_Directions:_
Exactly the lines from the one containing "It was a hot" through the one containing "馬克西姆圣誕快樂勞倫斯先生,自己扒的譜,大家慢慢練吧。" in the listing below are to be copied, with the pictures left out.

_Listed entries:_
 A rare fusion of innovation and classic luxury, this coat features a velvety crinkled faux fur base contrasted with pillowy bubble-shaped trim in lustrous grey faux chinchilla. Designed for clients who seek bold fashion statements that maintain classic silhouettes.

---

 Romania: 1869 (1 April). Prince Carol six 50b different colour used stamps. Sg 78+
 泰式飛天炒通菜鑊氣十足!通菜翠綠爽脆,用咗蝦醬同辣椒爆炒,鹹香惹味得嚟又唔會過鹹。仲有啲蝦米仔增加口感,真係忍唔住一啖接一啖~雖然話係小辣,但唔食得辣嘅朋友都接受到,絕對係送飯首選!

---

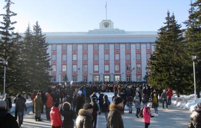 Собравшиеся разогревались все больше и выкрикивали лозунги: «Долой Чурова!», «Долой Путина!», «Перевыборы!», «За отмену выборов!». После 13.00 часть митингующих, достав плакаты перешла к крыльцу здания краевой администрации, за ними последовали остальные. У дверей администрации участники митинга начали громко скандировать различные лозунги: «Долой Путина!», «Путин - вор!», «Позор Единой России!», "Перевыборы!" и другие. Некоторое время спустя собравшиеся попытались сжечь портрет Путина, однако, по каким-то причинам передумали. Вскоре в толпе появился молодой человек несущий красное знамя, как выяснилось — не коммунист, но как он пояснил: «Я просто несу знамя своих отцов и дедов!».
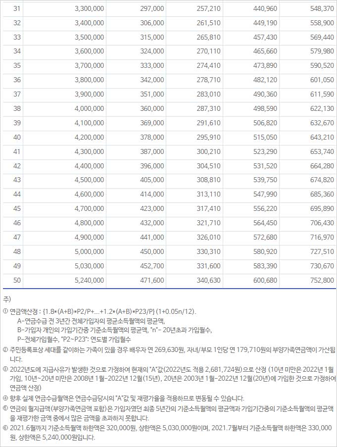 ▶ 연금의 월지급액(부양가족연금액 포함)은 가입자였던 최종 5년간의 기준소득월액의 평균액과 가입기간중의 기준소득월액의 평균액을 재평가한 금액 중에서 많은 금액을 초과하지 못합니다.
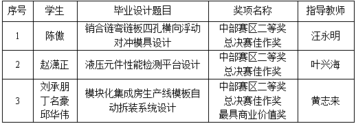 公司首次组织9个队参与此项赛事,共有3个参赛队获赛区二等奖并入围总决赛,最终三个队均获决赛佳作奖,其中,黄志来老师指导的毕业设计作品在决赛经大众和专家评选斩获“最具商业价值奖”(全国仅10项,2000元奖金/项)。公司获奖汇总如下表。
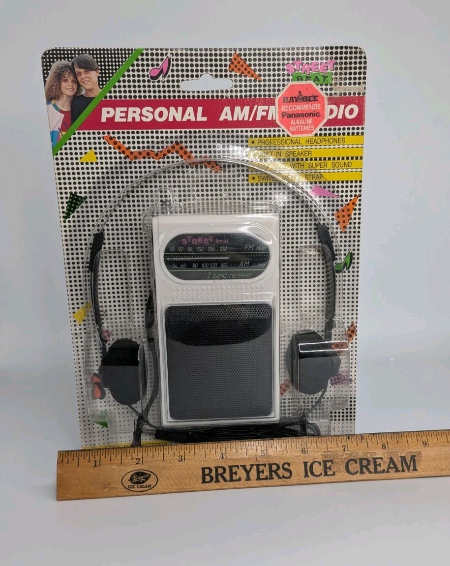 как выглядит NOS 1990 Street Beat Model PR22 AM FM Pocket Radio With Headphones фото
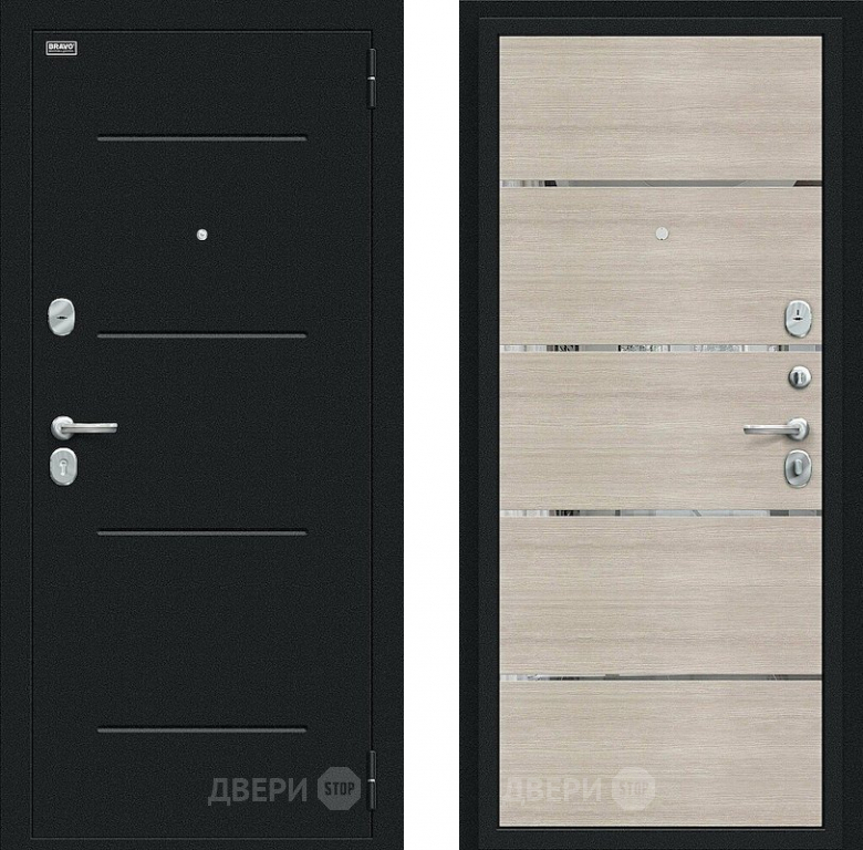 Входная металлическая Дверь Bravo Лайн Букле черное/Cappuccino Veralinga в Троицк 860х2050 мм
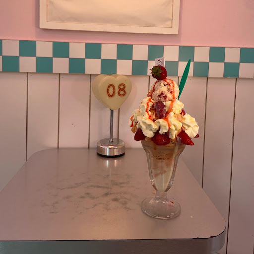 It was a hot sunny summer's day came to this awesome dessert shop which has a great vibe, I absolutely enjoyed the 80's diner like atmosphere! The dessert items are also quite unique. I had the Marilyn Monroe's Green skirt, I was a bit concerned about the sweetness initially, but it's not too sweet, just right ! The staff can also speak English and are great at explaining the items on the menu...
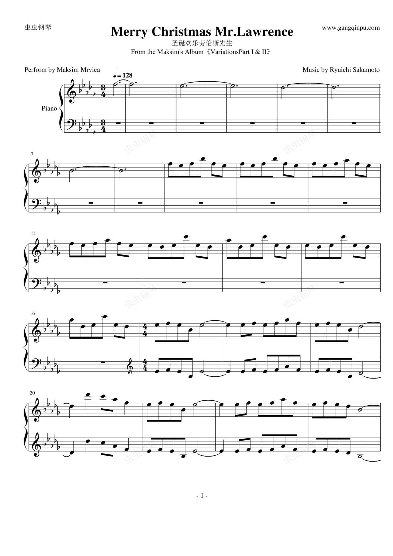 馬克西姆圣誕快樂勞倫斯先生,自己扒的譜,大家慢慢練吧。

_Result of the exercise:_
 It was a hot sunny summer's day came to this awesome dessert shop which has a great vibe, I absolutely enjoyed the 80's diner like atmosphere! The dessert items are also quite unique. I had the Marilyn Monroe's Green skirt, I was a bit concerned about the sweetness initially, but it's not too sweet, just right ! The staff can also speak English and are great at explaining the items on the menu...
 馬克西姆圣誕快樂勞倫斯先生,自己扒的譜,大家慢慢練吧。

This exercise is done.